Сцена 38: Женщины-коровы Кирхбаха
Виктор ещё мгновение держит Алину за руку, пристально глядя на неё. Он в конце концов отпускает её, делает глубокий вдох и издаёт вздох, который является полу-смешком, полу-раздражением. — Сделай это, малышка. Сделай это.
Пальцы Алины на мгновение замирают на браслете. Затем она поднимает свой бокал, её улыбка маленькая и осмысленная.
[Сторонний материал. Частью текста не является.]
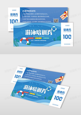 教育蓝色大气卡通游泳代金券游泳馆游泳招生培训优惠券游泳培训
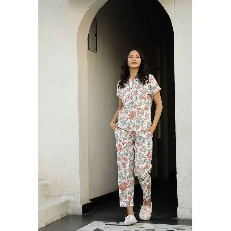 detailedReviews 24: content: The night suit looks good fitting is comfortable for sleeping in. This can be worn on trips or when our for a short walk as it looks quite smart with crocs or slippers. Some reviews mentioned that the colour fades after first wash but i did not experience this. Much recommended.

Виктор берёт свой бокал с элем, и прежняя напряжённость сменяется беспокойной энергией. Он отводит взгляд от Алины, смотрит через стол, где Мазен пронзительным голосом рассказывает анекдот, который смешной только ей. — То, что говорят люди... те шутки, которые они отпускают. Мне не по себе, когда я об этом думаю. — Что тебя беспокоит, Виктор? Латинская шутка? — тихо спрашивает Алина. — Нет, не на латыни. Это была простая вульгарность. То, как Мазен назвал Мари и Лизель. Коровы.
Алина кивает, вспоминая этот термин и игривую реакцию Мари и Лизель. — Да. Но они хорошо это восприняли. Они даже сделали «Муу», — она улыбается.
Виктор качает головой. — Я вижу, ты хорошо ладишь со слугами. — Он потирает висок. — Это правдивее, чем они понимают. Вот что меня беспокоит. Здесь женщины — коровы. В буквальном смысле. — А все мужчины — свиньи, — игриво отвечает Алина, но тут же останавливается и пристально смотрит, заметив грусть в его голосе. — Это ведь не про шутки о сиськах, да?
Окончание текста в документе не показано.